Easing congestion

The Congestion Charge comes to life in around a month. For those of you who drive into London, it’s going to cost you an extra £1000 or more per year to come into town, at £5 a visit. I’m intrigued by the payment processes chosen. Given that building a tollbooth a few hundred yards from Tower Bridge is not too practical, the payment methods chose are all after the fact – go to a newsagent, a car park, a website or whatever and make your payment. Other tolls in the UK are collected using dashboard mounted devices from which a charge is debited as you pass through a ‘gate’, not dissimilar I imagine to the Florida SunPass, so I was pretty surprised not to see that implemented. But, the “new media” channels feature prominently – you will be able to pay via a website or via mobile phone text.

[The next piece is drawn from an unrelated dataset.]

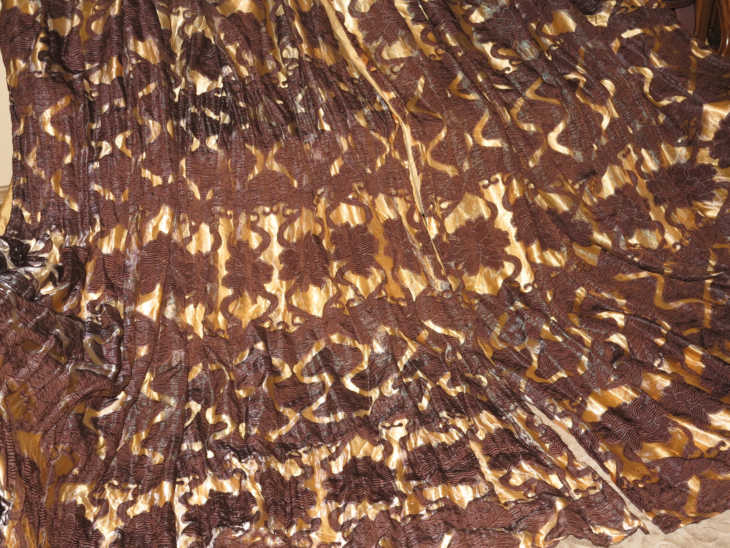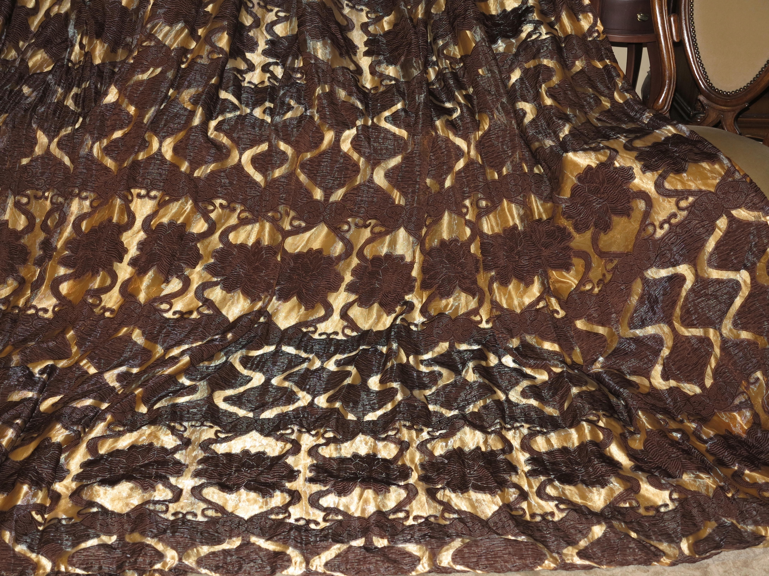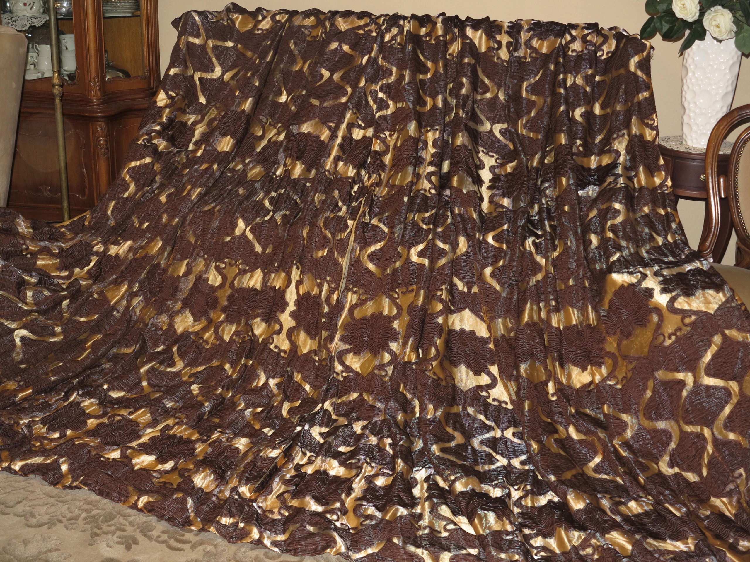 ПАТАЛИЧНІ ТА ДУЖЕ ДЕКОРАТИВНІ ВЕЛИЧЕЗНІ ШТОРИ, СКЛАДАЮТЬСЯ З ДВОХ ШАРІВ ТКАНИНИ, ЗШИТИХ МІЖ БІЧНИМИ КРАТЯМИ. З ЗОЛОТОГО АТЛАСУ І ЗЛІШКО ПРОЗОРИХ ЗОВНІШНІХ БРЮЧІВ З ОПУКЛИМИ СТИЛЬНИМИ ВІЗЕРОНАМИ. ЗОЛОТО ТА ТЕМНО-ШОКОЛАДНО-КОРИЧНЕВИЙ КОЛІР

Neither of these methods have proven too reliable to date, so it will be a good test of mainstream use (I am sure I have seen figures that say about £130 million will be collected annually – that’s a lot of £5s) and, if they hold up, that will bode well. If they don’t it will certainly be the end of the Congestion Charge, but maybe not the end of those methods. But given that this is an “overhead” and after the fact, if the methods available are not incredibly quick and minimally invasive, there will be a lot of chaos.

The congestion charging website is at http://www.cclondon.com – I’ve tried to check it out today but keep getting a 404 – can’t tell if that is a recurrence of the problems I had with my connection the other day or whether it really is down. I hope not the latter – if it’s down with no load that wouldn’t be good!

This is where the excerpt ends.